At that time, the SWRC was funded by several agencies both in and outside India, among them the Tata Trust, Oxfam, and Christian Aid, along with certain British agencies and the Indian and Rajasthani governments. The SWRC was among the first organizations in India to focus on professionalizing rural development work and to introduce community-based, participatory research and technology. It broke new ground in other areas as well. It introduced the concept of the barefoot health worker in Rajasthan and experimented with a primary education program with day and night shifts to enable all the children to go to school. The SWRC also sponsored in 1975 the very first "development bazaar" in India, bringing together traditional artisans to convey development messages.

Aruna lived with the seventeen other SWRC employees, many of them from the middle class. Aruna had to deal with hostility from the prosperous sectors of the village, but this helped her to gain a better understanding of the caste system prevailing in Rajasthan. She had loved crafts since her days in Kalakshetra and was familiar with looms and woodcraft, so she particularly enjoyed the time she spent with the lower-caste Dalit community, who were weavers and leather workers. But she also wanted to work with the scheduled castes and the artisans.

During her nine years with the SWRC, Aruna says, "I really was educated-in processes, in methods, in human relationships, in understanding women." Female empowerment was also on the SWRC's agenda. Aruna learned that, despite appearances, Rajasthani women had power of their own and were not afraid to use it. . From the women of Rajasthan she imbibed courage, a sense of humor, and equality. "They never thought they were less than me in any way whatsoever," she says. They were "very intelligent, astute, extremely compassionate human beings" who gave her love and affection she will never forget. In particular, she singles out an old woman named Dhani Bhua, who fetched water for the SWRC and was like a grandmother to her, protecting her from the nasty men in the village and teaching her ways of winning people over.

Learnings
Aruna sometimes refers to Tilonia as "my alma mater" because being there was "like going to the university all over again. It gave me space and time to learn." She learned, for example, that "the strength of collective decision making and political responsibility is not only a question of recognizing other people's ability. It is also recognizing one's own limitations." She learned that "you can never evaluate anything standing from outside; you have to evaluate yourself first." And she also learned that "the internal and external ethics of an organization must be the same; you cannot talk about minimum wages for poor people and not pay minimum wages to your own workers." A more basic lesson of Tilonia was this: "You have to relate to people as human beings."

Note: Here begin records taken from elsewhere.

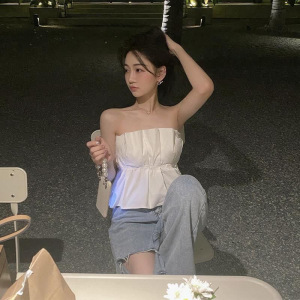 スイートガールバックレスフリルチューブトップ夏アウター2025新作スリムフィットサスペンダーショートトップトレンディ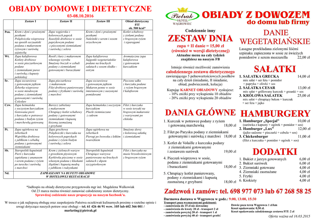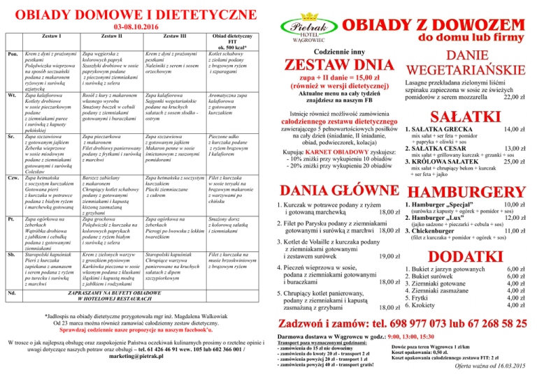 OBIADY DOMOWE I DIETETYCZNE 03-08.10.2016 Pon. Wt. Śr. Czw. Pt. Sb. Nd. Zestaw I Zestaw II Krem z dyni z praŜonymi pestkami Polędwiczka wieprzowa na sposób seczuański podana z makaronem ryŜowym i surówką azjatycką Zupa kalafiorowa Kotlety drobiowe w sosie pieczarkowym podane z ziemniakami puree i surówką z kapusty pekińskiej Zupa szczawiowa z gotowanym jajkiem śeberka wieprzowe w sosie miodowym podane z ziemniakami gotowanymi i surówką Colesław Zupa hetmańska z soczystym kurczakiem Gotowana pierś z kurczaka w potrawce podana z białym ryŜem i marchewką gotowaną Zupa węgierska z kolorowych papryk Szaszłyki drobiowe w sosie paprykowym podane z pieczonymi ziemniakami i surówką z selera Krem z dyni z praŜonymi pestkami Naleśniki z serem i sosem orzechowym Rosół z kury z makaronem własnego wyrobu SmaŜony boczek w cebuli podany z ziemniakami gotowanymi i buraczkami Zupa kalafiorowa Sajgonki wegetariańskie podane na kruchych sałatach z sosem słodko ostrym Aromatyczna zupa kalafiorowa z gotowanym kurczakiem Zupa pieczarkowa z makaronem Filet drobiowy panierowany podany z frytkami i surówką z marchwi Zupa szczawiowa z gotowanym jajkiem Makaron penne w sosie śmietanowym z suszonymi pomidorami Pieczone udko z kurczaka podane z ryŜem brązowym I kalafiorem Barszcz zabielany z makaronem Chrupiący kotlet schabowy podany z gotowanymi ziemniakami i kapustą kiszoną zasmaŜaną z grzybami Zupa grochowa Polędwiczki z kurczaka na kolorowych paprykach podane z ryŜem białym i surówką z selera Zupa hetmańska z soczystym kurczakiem Placki ziemniaczane z cukrem Filet z kurczaka w sosie teryaki na brązowym makaronie z warzywami po chińsku Zupa ogórkowa na Ŝeberkach Wątróbka drobiowa z jabłkiem i cebulką podana z gotowanymi ziemniakami Staropolski kapuśniak Pierś z kurczaka zapiekana z ananasem i serem podana z ryŜem po turecku i surówką z marchwi Krem z zielonych warzyw z groszkiem ptysiowym Karkówka pieczona w sosie własnym podana z kluskami śląskimi i kapustą modrą z jabłkiem i rodzynkami Zestaw III Obiad dietetyczny FIT ok. 500 kcal* Kotlet schabowy z ziołami podany z brązowym ryŜem i szparagami Zupa ogórkowa na SmaŜony dorsz Ŝeberkach z kolorową sałatką Pierogi po lwowsku z lekkim i ziemniakami twaroŜkiem Staropolski kapuśniak Chrupiące warzywa panierowane na kruchych sałatach z dipem szczypiorkowym Filet z kurczaka na musie brzoskwiniowym z brązowym ryŜem ZAPRASZAMY NA BUFETY OBIADOWE W HOTELOWEJ RESTAURACJI *Jadłospis na obiady dietetyczne przygotowała mgr inŜ. Magdalena Walkowiak Od 23 marca moŜna równieŜ zamawiać całodzienny zestaw dietetyczny. Sprawdzaj codziennie nasze propozycje na naszym facebook’u. W trosce o jak najlepszą obsługę oraz zaspokojenie Państwa oczekiwań kulinarnych prosimy o rzetelne opinie i uwagi dotyczące naszych potraw oraz obsługi – tel. 61 426 46 91 wew. 105 lub 602 366 001 / [email protected]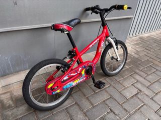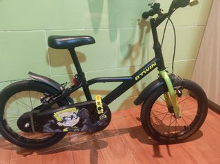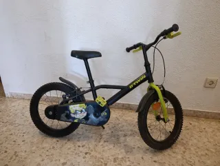 Bicicleta infantil de la marca Btwin, ideal para los más pequeños. Se encuentra en buen estado. - Diseño llamativo con personaje. - Ruedas de 16 pulgadas. - Frenos de mano. - Guardabarros delantero y trasero.

It was during this period that Aruna also began to realize how effective information can be in mobilizing people. Her awakening was inspired by a Dalit (lower caste) woman named Naurti. In 1981 Naurti, a worker from the nearby village of Harmara, gathered five hundred men and women and convinced them not to accept their government wages until everyone was receiving the legal minimum wage and all back payments were made. A revenue officer contacted Aruna, asking her to convince the workers to end their protest and to accept their wages. Aruna did as she was asked but made friends with Naurti in the process. The government then instigated departmental action against the responsible sarpanch (the elected head of the village). The SWRC filed a writ in the Supreme Court of India on behalf of Naurti's cause. In the matter of "Sanjit Roy vs. the Government of Rajasthan," the Supreme Court ruled in favor of the workers and all back payments of wages were made in full. The case represented one of the first writs filed before the Indian Supreme Court by Rajasthan concerning the nonpayment of minimum wages.

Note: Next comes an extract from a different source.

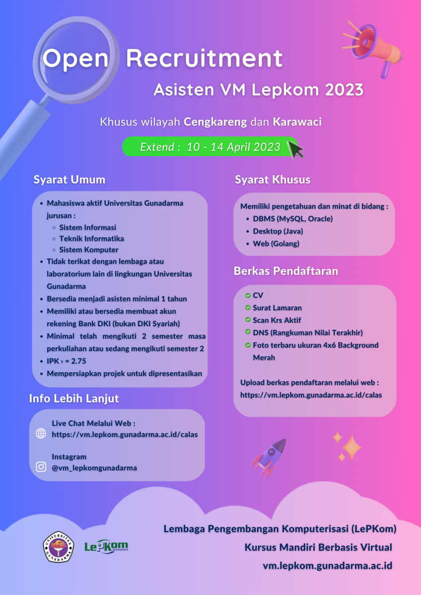 PERPANJANGAN WAKTU PENDAFTARAN REKRUTMEN ASISTEN LEPKOM 2023 [KARAWACI - CENGKARENG] OPEN RECRUITMENT ASISTEN LEMBAGA PENGEMBANGAN KOMPUTERISASI (LEPKOM) KURSUS MANDIRI BERBASIS VIRTUAL 2023
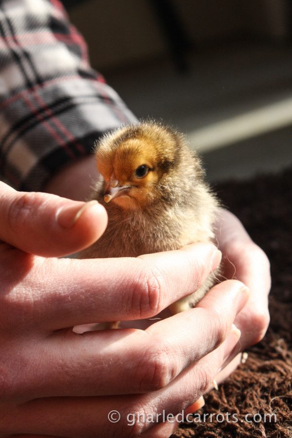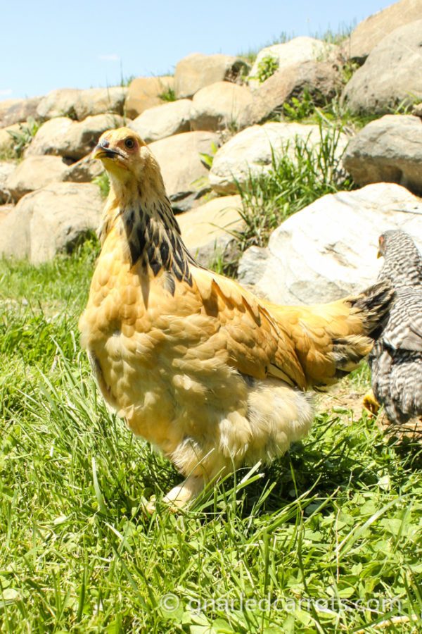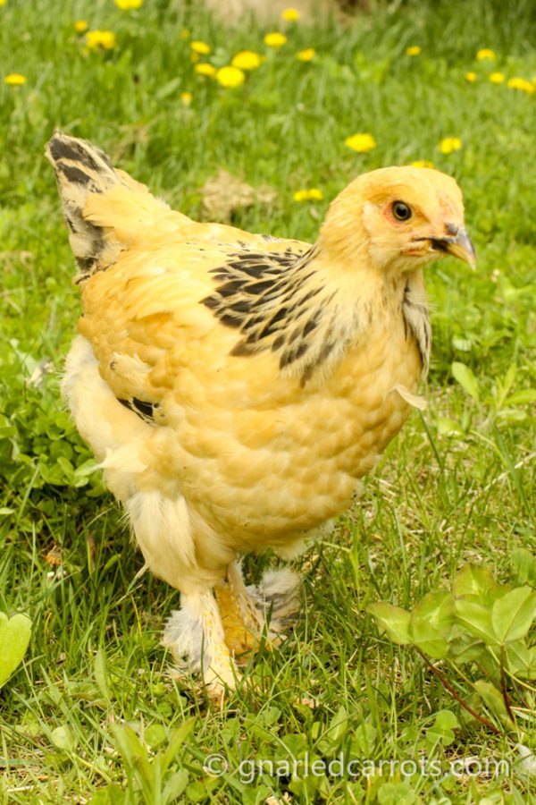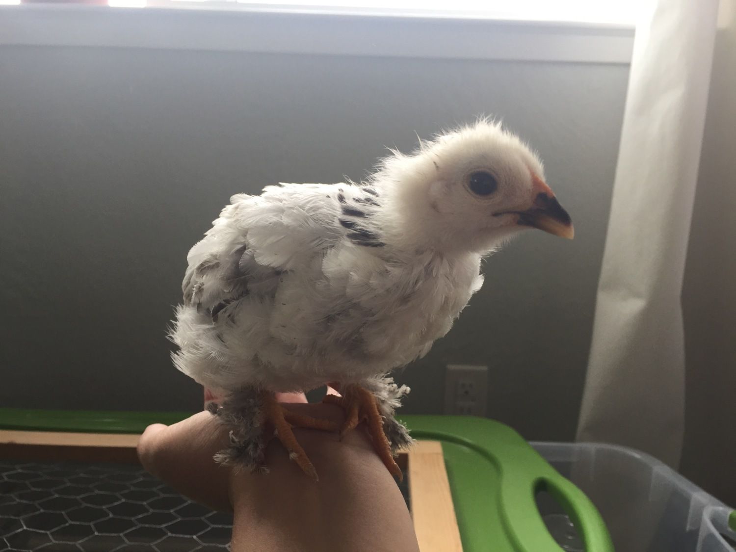Blanche at 4 weeks old. Her black feathering around her neck is coming in more pronounced now. My daughters call it her "necklace". She is just the most friendly girl. She is the first to come to me, and she wants to be picked up and held. She also enjoys pecking my painted toenails, but I keep telling her they aren't treats, but alas, she is persistent. Hehe.

In the feminist-activist Naurti, who saw "with remarkable clarity that every cause was both personal and collective," Aruna found not only a teacher but also a friend and fellow traveler. "Naurti," she later wrote, "has taken me on a journey where we have had to explore social realities in a manner in which I was forced to learn newer methods of talking, listening and responding to poor people's needs. But more basic was learning to face my own fears of public inquiry, of public criticism, of ridicule, of my timidity about street politics and the dynamics of caste and mohalla neighbourhood politics."



Later life
For the next four years, Aruna worked with women's groups in Madhya Pradesh, Jaipur, and all over Rajasthan. She also traveled to Nepal, Bangladesh, and Sri Lanka. In between these trips, she returned to Bunker and Tilonia, helping out as needed. One of the significant events during this time was the mela (fair) held in Rajasthan in 1985, which she helped organize, along with the SWRC, the Institute of Developmental Studies in Jaipur, the Seva Mandir from Udaipur, and the State Government's Women's Development Program. The mela was designed to be India's counterpart to the international women's conference held that year in Nairobi, Kenya, to which Aruna had been invited. One thousand women came from all over India to participate in the four-day event, nine hundred of them from the rural areas and one hundred from urban districts.
Regardless of language and caste barriers, they formed connections with one another and bonded. The event ended with a rally to protest the government's failure to act on a report of rape of a minor. It was a sign that changes were about to come.

Aruna and MKSS and RTI
The MKSS was an unconventional organization. The activists did not wish to be registered as a society or even as a trade union, since their group had no hierarchy and no leader. Even today no written formal constitution or document exists on the MKSS. Its initiators are careful not to fall into the trap of speaking development jargon, lest they be alienated from the people they wish to serve. The MKSS does not accept donations from any institutional body, Indian or foreign, although it does accept contributions from sympathetic individuals. There are no formal membership fees. Membership is determined by people's active participation in MKSS activities. Aruna maintains that while the organization realizes there are people who would willingly pay for membership, such a system would not be advisable because "they might be all the wrong people who may even work against the ethics of the organization." If there is a leadership structure at the MKSS, it is embodied by a central committee of twenty-five people who attend every meeting and make the major decisions. The task of presiding at meetings is rotated among them and, says Aruna, "all the literate ones take turns keeping the minutes."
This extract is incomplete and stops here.